→ Given records

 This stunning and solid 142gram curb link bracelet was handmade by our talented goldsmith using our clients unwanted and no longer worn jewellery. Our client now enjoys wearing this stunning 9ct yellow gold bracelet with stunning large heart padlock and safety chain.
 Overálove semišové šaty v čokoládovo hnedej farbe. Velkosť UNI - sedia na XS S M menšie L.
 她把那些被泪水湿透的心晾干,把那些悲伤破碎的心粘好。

--

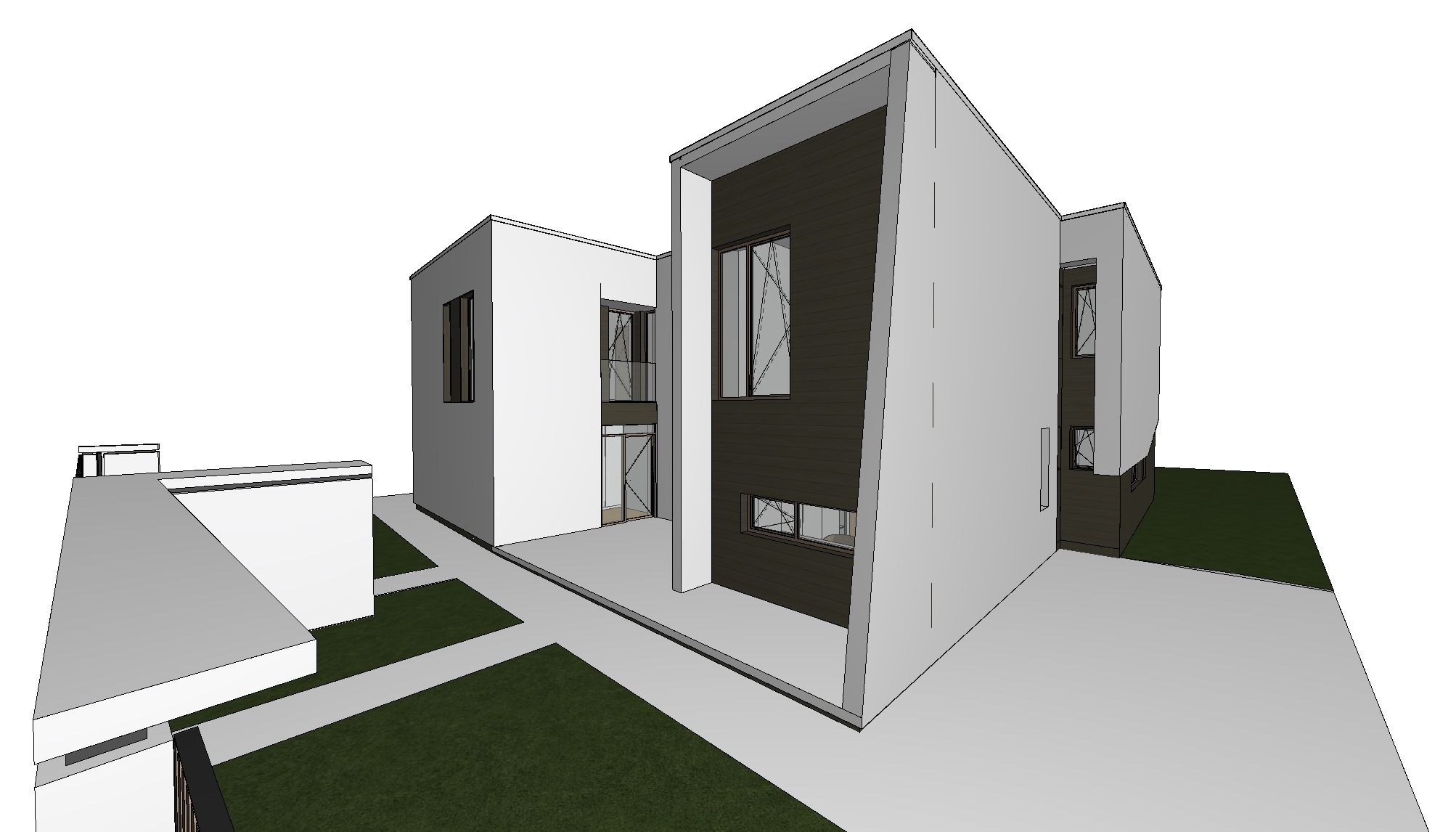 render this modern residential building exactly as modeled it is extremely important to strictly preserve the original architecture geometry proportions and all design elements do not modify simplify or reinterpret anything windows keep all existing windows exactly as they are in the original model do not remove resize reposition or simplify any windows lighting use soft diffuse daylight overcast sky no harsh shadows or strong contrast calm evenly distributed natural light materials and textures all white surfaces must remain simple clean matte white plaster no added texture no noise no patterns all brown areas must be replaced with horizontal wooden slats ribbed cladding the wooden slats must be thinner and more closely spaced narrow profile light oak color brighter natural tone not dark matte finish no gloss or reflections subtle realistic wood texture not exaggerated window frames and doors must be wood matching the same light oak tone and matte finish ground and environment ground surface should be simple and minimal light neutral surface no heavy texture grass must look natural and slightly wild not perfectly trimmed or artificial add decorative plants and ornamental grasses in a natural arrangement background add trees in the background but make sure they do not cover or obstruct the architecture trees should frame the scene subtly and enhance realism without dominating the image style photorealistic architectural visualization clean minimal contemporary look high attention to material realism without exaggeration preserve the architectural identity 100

→ What is needed
Go through the material above and output exactly the lines from the one containing "This stunning and" through the one containing "她把那些被泪水湿透的心晾干,把那些悲伤破碎的心粘好。".

→ Reply
 This stunning and solid 142gram curb link bracelet was handmade by our talented goldsmith using our clients unwanted and no longer worn jewellery. Our client now enjoys wearing this stunning 9ct yellow gold bracelet with stunning large heart padlock and safety chain.
 Overálove semišové šaty v čokoládovo hnedej farbe. Velkosť UNI - sedia na XS S M menšie L.
 她把那些被泪水湿透的心晾干,把那些悲伤破碎的心粘好。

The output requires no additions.